Nach dem Gipfel ist vor dem Gipfel. Mit ihrer Forderung, den Fall Maaßen neu zu verhandeln, spricht Andrea Nahles zwar vielen Genossen aus der Seele. Das desolate Bild, das die Koalition seit Tagen abgibt, kann die SPD-Chefin damit aber nicht übertünchen.
So schnell die Union jetzt ihre Bereitschaft zu Gesprächen signalisiert hat, so gefährlich ist die Lage für die Koalition insgesamt und für Andrea Nahles persönlich. Sollte sie CDU und CSU keine andere Lösung abringen können, bleiben ihr nur zwei Möglichkeiten: das Bündnis aufzukündigen oder als Partei- und Fraktionschefin zurückzutreten.
Nahles hat aus einer Personalfrage eine Existenzfrage gemacht
Willkommen im Tollhaus Berlin. Wenn Politik die Kunst des Möglichen ist, dann hat die SPD-Frau gerade das Unmögliche geschafft: Im Glauben, ihre Partei werde ihr den Maaßen-Kompromiss schon abnehmen, hat sie eine nachrangige Personalfrage zu einer politischen Existenzfrage gemacht. Nun versucht sie in ihrer Not, etwas Druck aus dem SPD-Kessel zu nehmen. Ausgang ungewiss.

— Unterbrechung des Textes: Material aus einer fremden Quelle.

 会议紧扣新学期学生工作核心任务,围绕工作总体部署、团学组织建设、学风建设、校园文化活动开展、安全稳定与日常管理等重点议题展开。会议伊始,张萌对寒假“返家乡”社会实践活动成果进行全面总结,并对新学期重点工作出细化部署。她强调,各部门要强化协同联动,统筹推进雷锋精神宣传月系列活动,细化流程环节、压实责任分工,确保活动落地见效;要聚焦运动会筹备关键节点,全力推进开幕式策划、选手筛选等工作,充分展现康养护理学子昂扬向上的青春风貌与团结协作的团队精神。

In ihrer Partei dürften sich sich viele Genossen gerade an einen Satz von Franz Müntefering erinnern, als der nach einer verlorenen Wahl Auskunft über das strategische Geschick der damaligen Generalsekretärin Nahles geben sollte: Ihm stünden, sagte Müntefering da, die Haare zu Berge.